The output should be the listing below, limited to the lines from the one with "الاتجاه العام لزوج" through the one with "DW is excited", exact and without pictures.

Record extracts:
------------

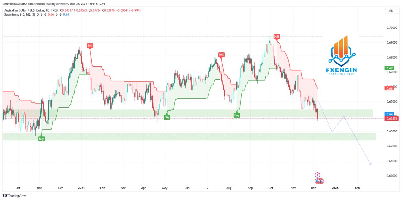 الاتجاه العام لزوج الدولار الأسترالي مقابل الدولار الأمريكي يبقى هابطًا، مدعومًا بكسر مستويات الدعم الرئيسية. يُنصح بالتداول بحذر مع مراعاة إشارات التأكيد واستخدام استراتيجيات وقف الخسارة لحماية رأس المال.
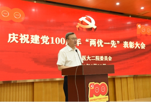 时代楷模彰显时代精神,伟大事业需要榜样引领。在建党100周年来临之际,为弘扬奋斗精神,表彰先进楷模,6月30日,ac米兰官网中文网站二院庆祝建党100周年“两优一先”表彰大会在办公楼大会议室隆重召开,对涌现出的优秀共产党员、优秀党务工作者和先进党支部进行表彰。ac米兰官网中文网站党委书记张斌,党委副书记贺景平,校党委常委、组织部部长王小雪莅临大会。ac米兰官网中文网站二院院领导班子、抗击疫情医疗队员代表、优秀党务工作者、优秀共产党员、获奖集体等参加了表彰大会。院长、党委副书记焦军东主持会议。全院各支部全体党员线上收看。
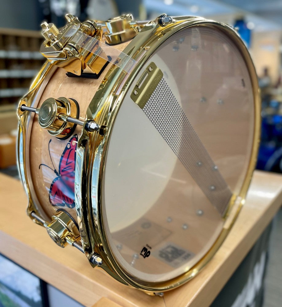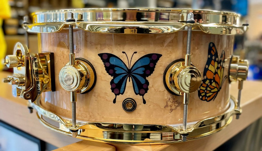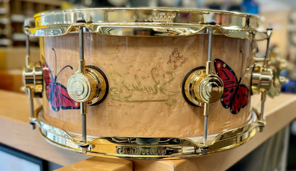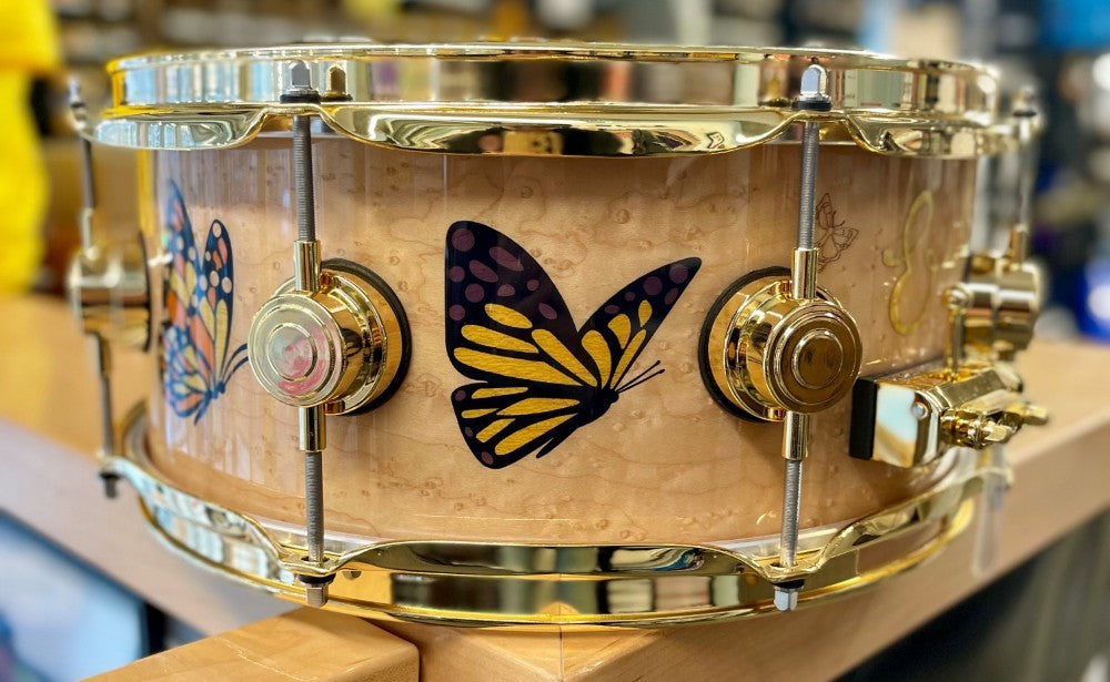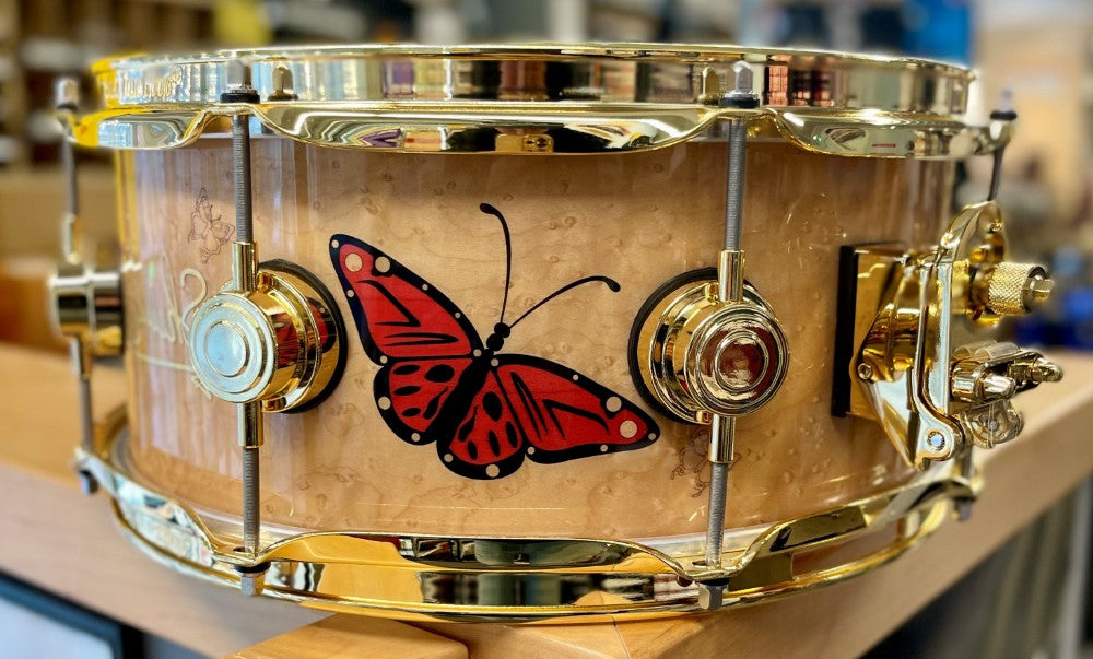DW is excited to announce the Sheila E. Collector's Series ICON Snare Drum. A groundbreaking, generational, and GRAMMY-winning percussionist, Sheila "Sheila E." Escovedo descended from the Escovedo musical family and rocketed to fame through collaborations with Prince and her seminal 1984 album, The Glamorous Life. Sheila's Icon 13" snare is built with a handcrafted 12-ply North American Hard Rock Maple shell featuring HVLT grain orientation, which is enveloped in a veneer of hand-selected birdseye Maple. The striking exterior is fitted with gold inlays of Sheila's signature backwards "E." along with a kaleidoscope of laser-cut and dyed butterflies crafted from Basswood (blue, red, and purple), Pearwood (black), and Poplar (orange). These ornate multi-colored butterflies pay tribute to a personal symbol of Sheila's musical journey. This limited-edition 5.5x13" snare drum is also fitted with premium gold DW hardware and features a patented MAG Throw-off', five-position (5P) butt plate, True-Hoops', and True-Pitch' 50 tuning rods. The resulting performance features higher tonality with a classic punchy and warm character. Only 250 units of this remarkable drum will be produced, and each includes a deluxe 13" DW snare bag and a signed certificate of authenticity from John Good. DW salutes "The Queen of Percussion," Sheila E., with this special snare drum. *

------------

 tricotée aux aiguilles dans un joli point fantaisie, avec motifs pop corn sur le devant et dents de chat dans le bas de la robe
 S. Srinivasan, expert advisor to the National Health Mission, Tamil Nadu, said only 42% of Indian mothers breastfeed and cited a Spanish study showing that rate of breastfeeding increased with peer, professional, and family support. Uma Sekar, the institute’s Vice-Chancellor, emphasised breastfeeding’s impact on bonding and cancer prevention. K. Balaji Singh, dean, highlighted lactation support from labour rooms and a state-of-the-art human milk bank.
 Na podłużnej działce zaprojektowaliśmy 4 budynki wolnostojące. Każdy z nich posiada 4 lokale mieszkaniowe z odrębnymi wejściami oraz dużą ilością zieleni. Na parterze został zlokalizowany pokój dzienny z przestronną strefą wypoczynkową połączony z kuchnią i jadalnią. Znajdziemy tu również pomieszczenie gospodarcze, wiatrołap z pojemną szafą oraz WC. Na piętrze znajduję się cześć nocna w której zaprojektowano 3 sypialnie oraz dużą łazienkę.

------------

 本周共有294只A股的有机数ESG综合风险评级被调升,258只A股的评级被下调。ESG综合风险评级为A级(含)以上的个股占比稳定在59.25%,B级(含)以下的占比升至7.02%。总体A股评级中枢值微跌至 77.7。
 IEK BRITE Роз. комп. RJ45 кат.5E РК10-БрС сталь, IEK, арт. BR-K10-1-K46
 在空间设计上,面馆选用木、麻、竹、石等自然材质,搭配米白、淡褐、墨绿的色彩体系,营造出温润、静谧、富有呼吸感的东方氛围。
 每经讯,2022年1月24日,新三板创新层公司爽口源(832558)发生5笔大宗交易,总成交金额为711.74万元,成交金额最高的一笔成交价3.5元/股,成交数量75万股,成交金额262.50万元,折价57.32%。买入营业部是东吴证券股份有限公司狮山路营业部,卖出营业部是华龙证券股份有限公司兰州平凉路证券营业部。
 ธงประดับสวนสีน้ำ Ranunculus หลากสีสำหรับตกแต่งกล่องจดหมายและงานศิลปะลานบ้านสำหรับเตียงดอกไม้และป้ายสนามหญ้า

------------

Answer below:
 الاتجاه العام لزوج الدولار الأسترالي مقابل الدولار الأمريكي يبقى هابطًا، مدعومًا بكسر مستويات الدعم الرئيسية. يُنصح بالتداول بحذر مع مراعاة إشارات التأكيد واستخدام استراتيجيات وقف الخسارة لحماية رأس المال.
 时代楷模彰显时代精神,伟大事业需要榜样引领。在建党100周年来临之际,为弘扬奋斗精神,表彰先进楷模,6月30日,ac米兰官网中文网站二院庆祝建党100周年“两优一先”表彰大会在办公楼大会议室隆重召开,对涌现出的优秀共产党员、优秀党务工作者和先进党支部进行表彰。ac米兰官网中文网站党委书记张斌,党委副书记贺景平,校党委常委、组织部部长王小雪莅临大会。ac米兰官网中文网站二院院领导班子、抗击疫情医疗队员代表、优秀党务工作者、优秀共产党员、获奖集体等参加了表彰大会。院长、党委副书记焦军东主持会议。全院各支部全体党员线上收看。
DW is excited to announce the Sheila E. Collector's Series ICON Snare Drum. A groundbreaking, generational, and GRAMMY-winning percussionist, Sheila "Sheila E." Escovedo descended from the Escovedo musical family and rocketed to fame through collaborations with Prince and her seminal 1984 album, The Glamorous Life. Sheila's Icon 13" snare is built with a handcrafted 12-ply North American Hard Rock Maple shell featuring HVLT grain orientation, which is enveloped in a veneer of hand-selected birdseye Maple. The striking exterior is fitted with gold inlays of Sheila's signature backwards "E." along with a kaleidoscope of laser-cut and dyed butterflies crafted from Basswood (blue, red, and purple), Pearwood (black), and Poplar (orange). These ornate multi-colored butterflies pay tribute to a personal symbol of Sheila's musical journey. This limited-edition 5.5x13" snare drum is also fitted with premium gold DW hardware and features a patented MAG Throw-off', five-position (5P) butt plate, True-Hoops', and True-Pitch' 50 tuning rods. The resulting performance features higher tonality with a classic punchy and warm character. Only 250 units of this remarkable drum will be produced, and each includes a deluxe 13" DW snare bag and a signed certificate of authenticity from John Good. DW salutes "The Queen of Percussion," Sheila E., with this special snare drum. *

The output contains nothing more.